Least-to-most prompting is a technique where you ask a model to first decompose a hard problem into a sequence of easier sub-problems, then solve each sub-problem in order, with each answer feeding the next. It was introduced by Zhou et al. in the 2022 paper "Least-to-Most Prompting Enables Complex Reasoning in Large Language Models." The result that put it on the map was a jump from roughly 16 percent to over 99 percent on the SCAN compositional generalization benchmark with GPT-3 class models, a number that did not move much with vanilla Chain-of-Thought.
Four years later, the technique is still useful, but for different reasons. Modern reasoning models like GPT-5.5 and Claude Opus 4.7 do a lot of internal decomposition on their own. You do not need to spell out the steps to multiply two-digit numbers. Where least-to-most still pays off is on tasks the model has not seen at training time, on domain-specific compositional problems, and as an explicit prompt structure that improves reliability on long-tail inputs.
This article covers the original idea, a worked example, the comparison with Chain-of-Thought and Tree-of-Thoughts, and where the technique fits in 2026 when the strongest models already think before they answer.
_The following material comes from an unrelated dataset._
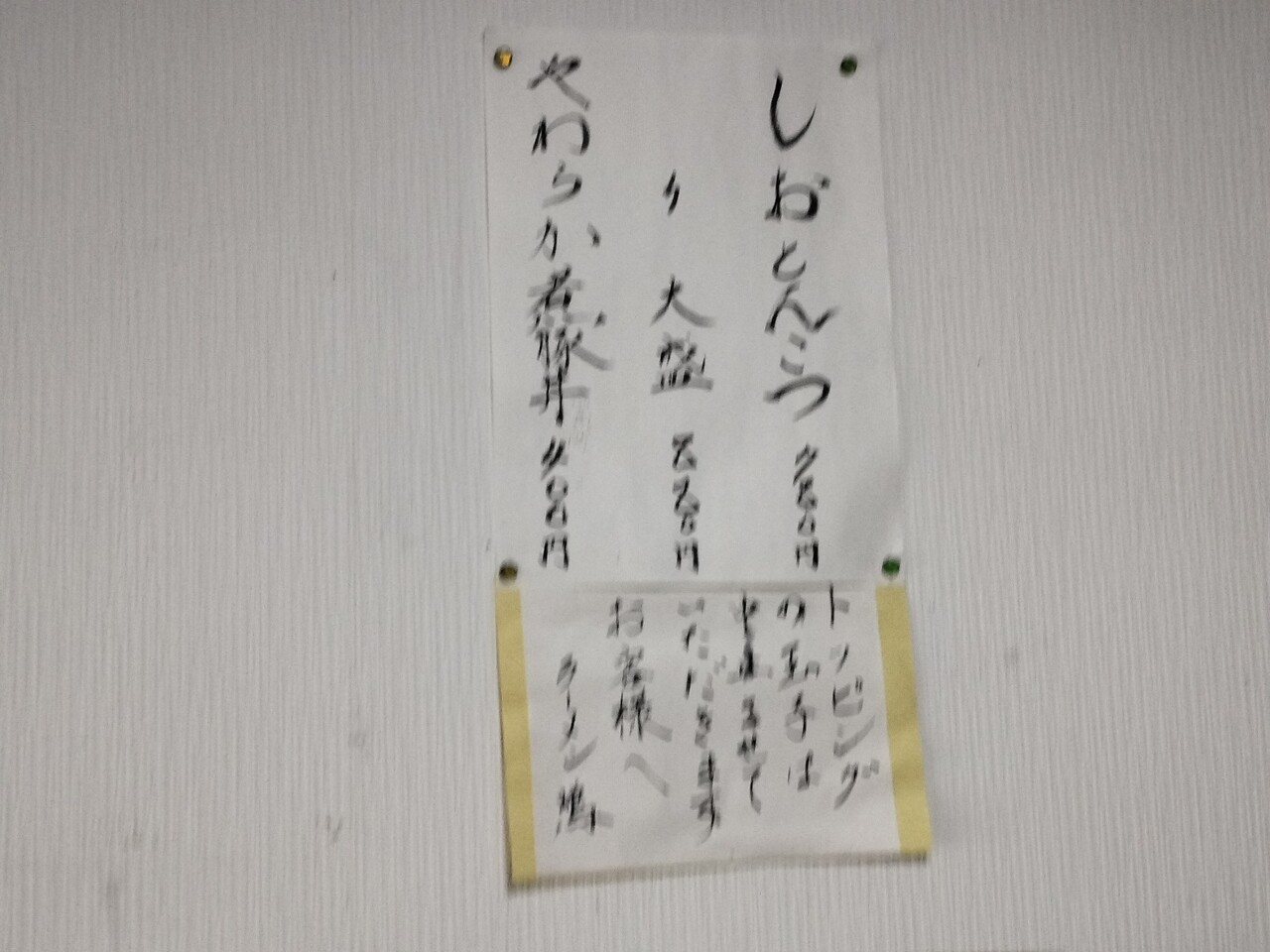 今回は しおとんこつ 大盛(¥880)をオーダー致します

For broader prompt-engineering context, see Best Prompt Engineering Tools.
TL;DR
- What it is. A two-stage prompt: first decompose the problem into ordered sub-problems, then solve each in order, conditioning on prior answers.
- Origin. Zhou et al., "Least-to-Most Prompting Enables Complex Reasoning in Large Language Models," 2022.
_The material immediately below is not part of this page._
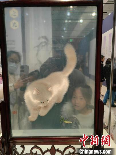 “蘇繡藝術(shù)文獻(xiàn)展(1949-2019)”現(xiàn)場(chǎng)展出的雙面繡代表作《白貓戲螳螂》。應(yīng)妮攝
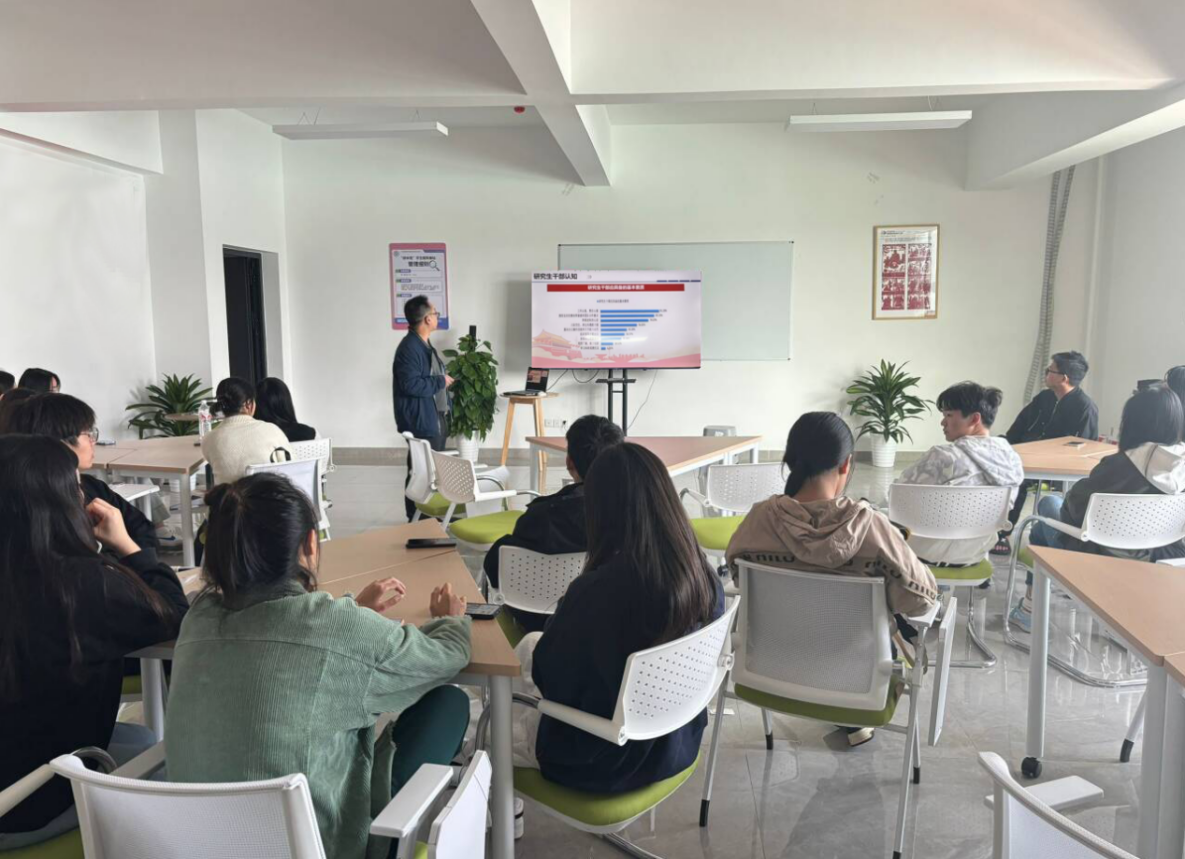梁祥云围绕角色动机、研究生干部角色、研究生干部角色期望、研究生干部角色实践等与大家进行了基本的解读。并就研究生综合能力与研究生干部成长经历的关系进行了一定的交流。梁祥云表示,希望大家能多去关注和思考人生不同阶段不同场景下的角色及其角色期望,激发自身成为优秀人才的内生动力。

- Key result. Solved compositional generalization tasks (SCAN, last-letter concatenation, complex math word problems) where Chain-of-Thought stalled.
- vs CoT. Chain-of-Thought reasons inside one answer. Least-to-most explicitly factors the problem first, then solves each piece.
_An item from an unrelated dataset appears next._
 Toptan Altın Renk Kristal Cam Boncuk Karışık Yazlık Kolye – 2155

- vs Tree-of-Thoughts. Tree-of-Thoughts explores alternative reasoning branches. Least-to-most stays linear.
- In 2026. Less needed for well-known task families because reasoning models decompose internally. Still valuable for novel domains and as a reliability scaffold.
The original idea
The Zhou et al. paper observed that Chain-of-Thought prompting (Wei et al. 2022, "Chain-of-Thought Prompting Elicits Reasoning in Large Language Models") improves single-shot reasoning by encouraging the model to write intermediate steps. But CoT struggles when the test problem is harder than the few-shot examples, particularly on compositional tasks where the final answer requires combining sub-skills the model has only seen in isolation.
The fix the authors proposed is to make decomposition explicit. The prompt has two stages:
- Decomposition. Given the problem, list the sub-problems that need to be solved, in the order they should be solved.
- Solution. For each sub-problem in turn, solve it using the previously solved sub-problems as context.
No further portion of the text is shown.